# Material for the task
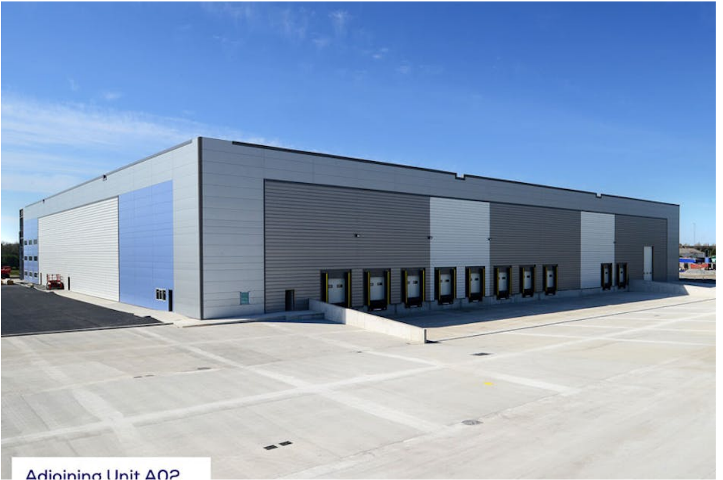
Adjoining Unit A02
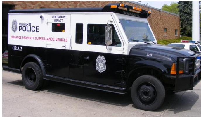
Milwaukee, Wisconsin Police Department's Nuisance Surveillance Vehicle
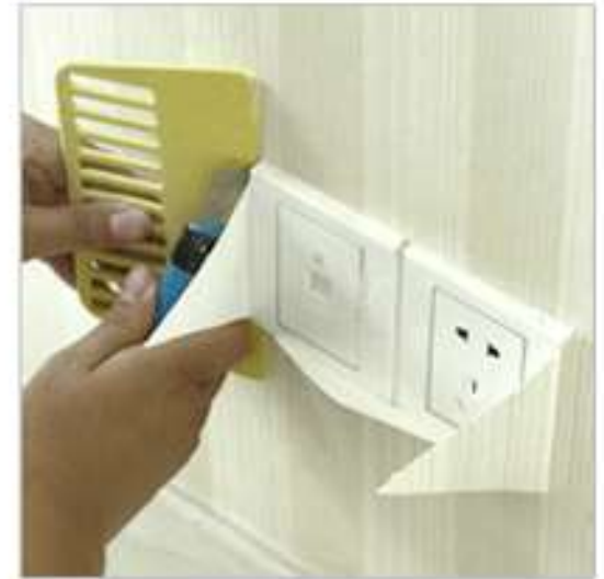
6.Switch boxes handing

Mark an "X" on the position of switch box by knife, use scraper to smooth the round of the switch box. Cut the wallpaper along the edge of it. tear up the rest wallpaper finally.
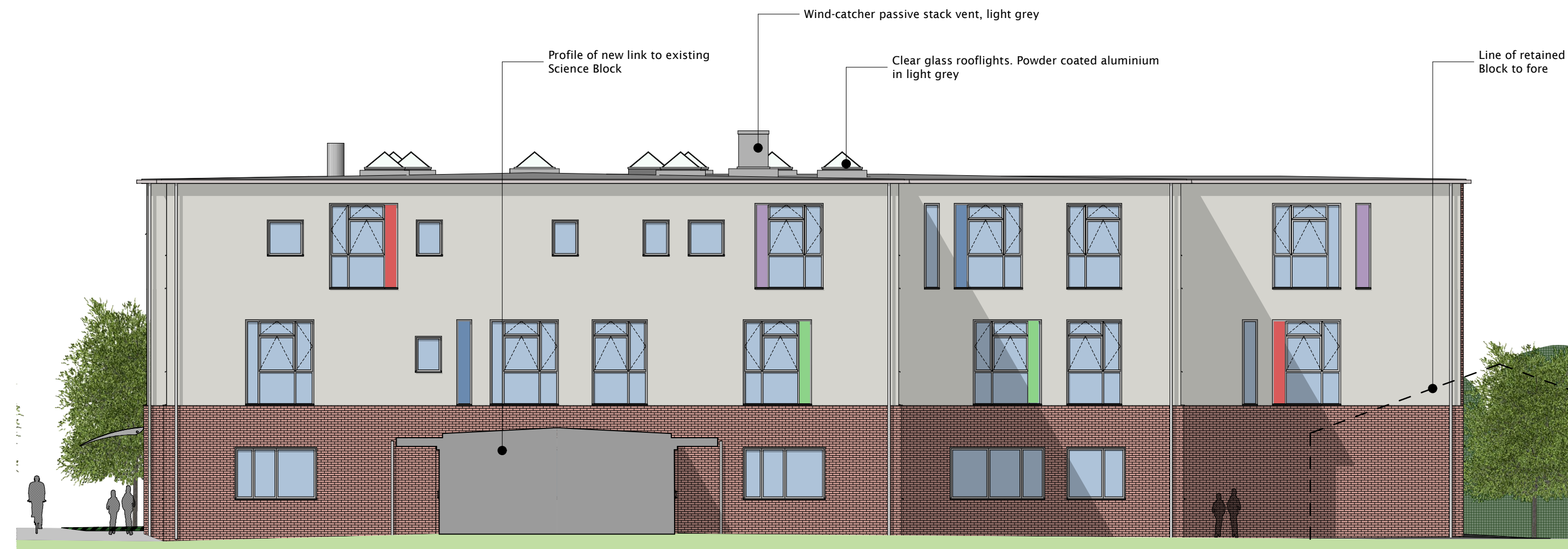
New Extension West Elevation
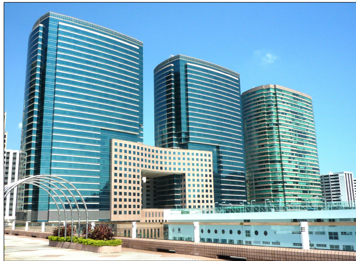
VSR 26 Gateway Hong Kong
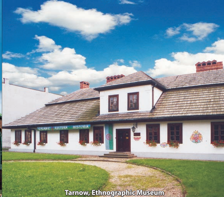
Tarnów, Ethnographic Museum
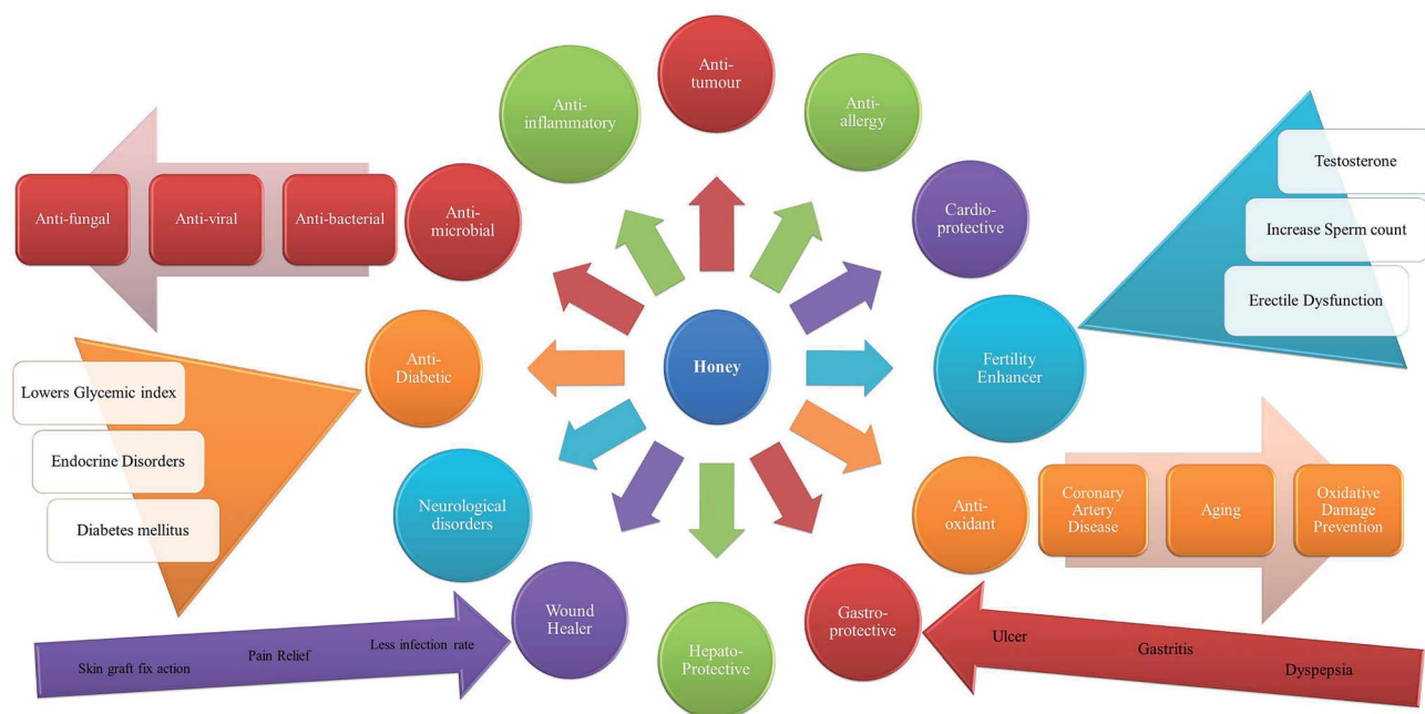
Fig. 1 Some uses and biological effects of honey.

Mad honey is employed for various purposes, which are different from those of regular honey. It is used as an alternative medicine used for hypertension, diabetes (hyperglycaemia and related complications), flu, gastrointestinal disorders (peptic ulcers, gastritis, dyspepsia, indigestion, bowel disorders, and other discomforts), abdominal/gastric pain, arthritis, stimulating sex (dysfunction, impotence, enhancement, and performance), various viral infections, skin ailments, pain, and cold. 29,41,43,47,50,52–56,132 The antiradical bioactivities, such as antidiabetic, anti-inflammatory, antioxidant, analgesic, antimicrobial, cytotoxic, and insecticidal, of Rhododendron species are also well established. 53,57–63 Silici et al. 64 reported chlorogenic, coumaric, ferulic, and gallic acids to be the main phenols in mad honey. Silici and Karaman 65 reported arginine, lysine, and aspartic acid to be the main amino acids in mad honey. Buratti et al. 66 reported that mad honey has the highest level of antioxidant activity among other types of honey. Mad honey is also used as a weapon. 69,84,135,136
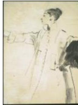
Women's Loose Overcoat with Small Buttons and Fur Muff (KA0038_000107)
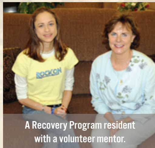
A Recovery Program resident with a volunteer mentor.

Join us for a Lunch and Learn . You'll enjoy delicious food in our dining hall, hear about our ministry, then tour our campus. Call for details.
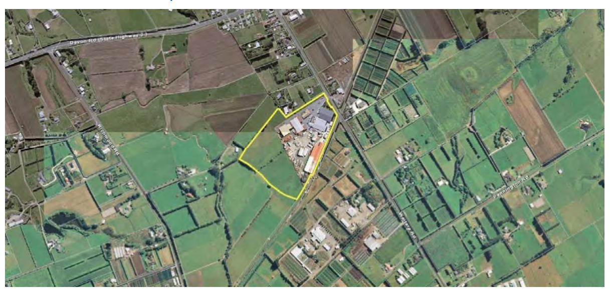
Figure 1 Aerial location map of Hickman JD 1997 Family Trust

This site was originally the Brixton Dairy Factory until it shut down and the discharge resource consent was transferred into Hickman JD 1997 Family Trust.
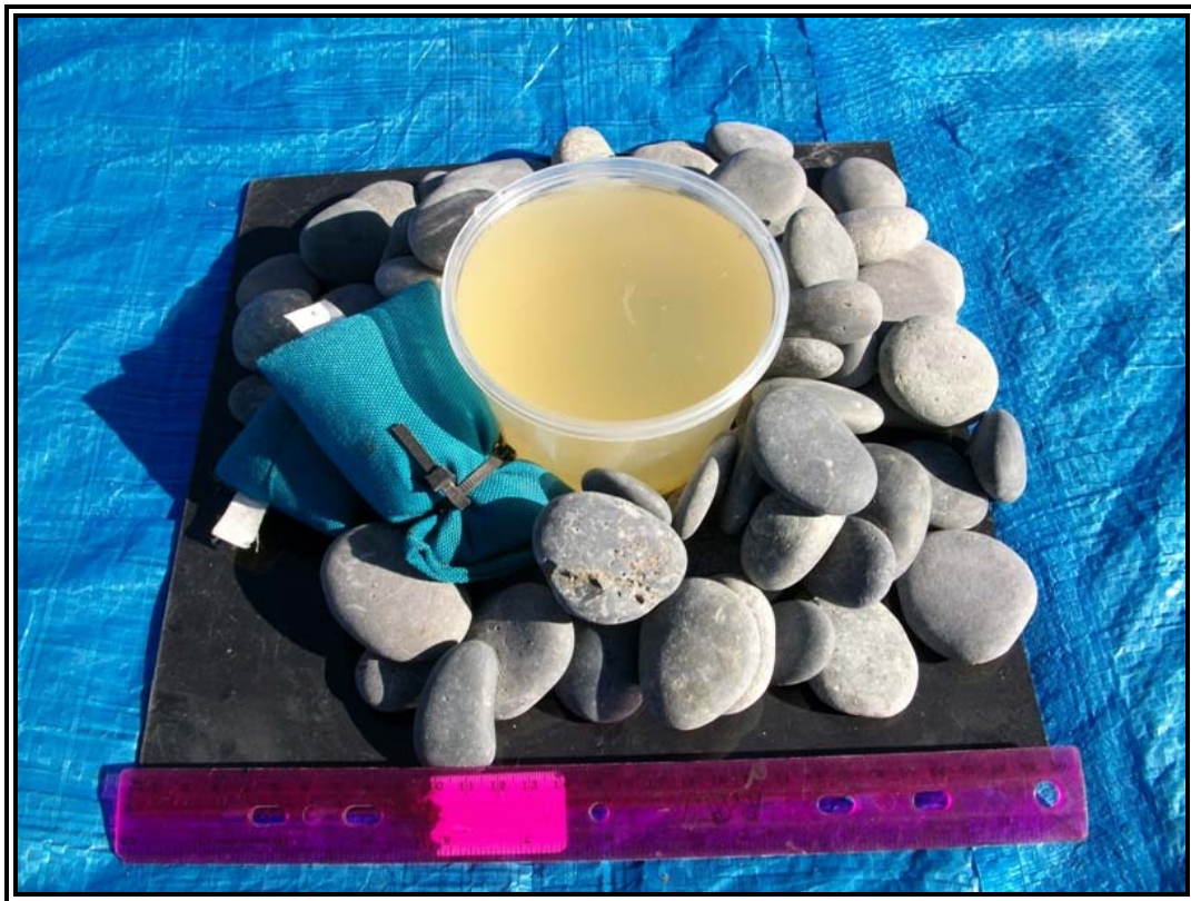
Figure #4: Agar on rocky outcropping with ruler
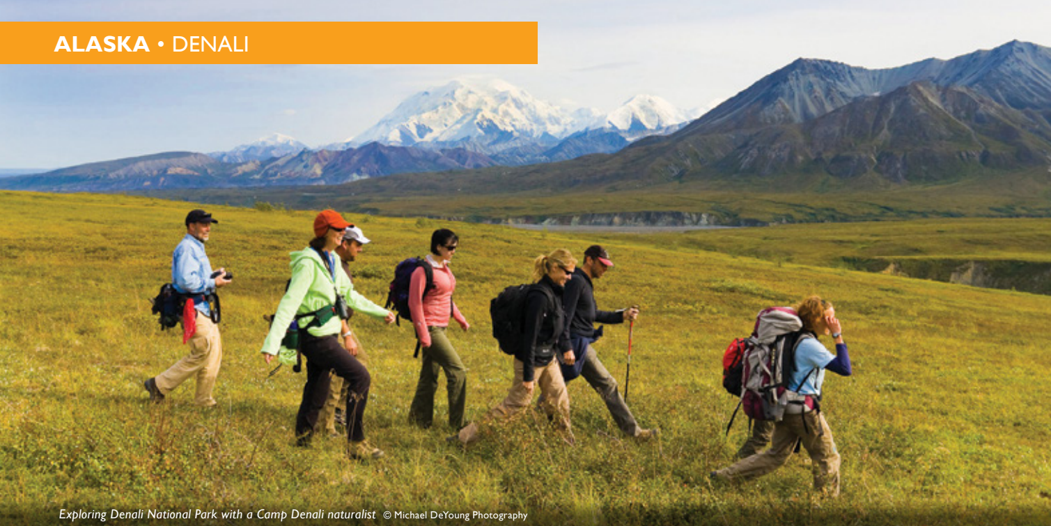
Exploring Denali National Park with a Camp Denali naturalist
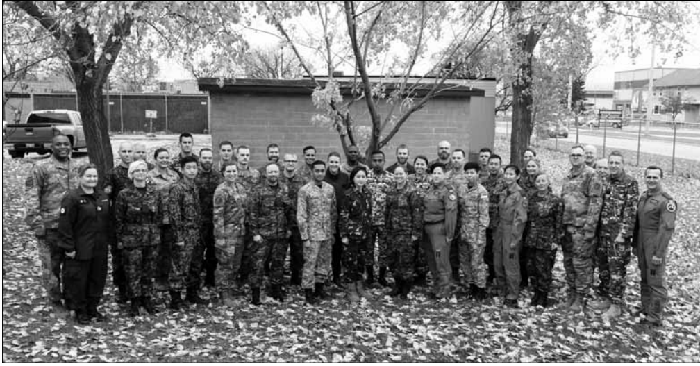
Junior Enlisted Leadership Forum at 17 Wing on October 21-25, 2019.

# Task item
Pull each line containing "Trust" from the records.

# Worked solution
Figure 1 Aerial location map of Hickman JD 1997 Family Trust
This site was originally the Brixton Dairy Factory until it shut down and the discharge resource consent was transferred into Hickman JD 1997 Family Trust.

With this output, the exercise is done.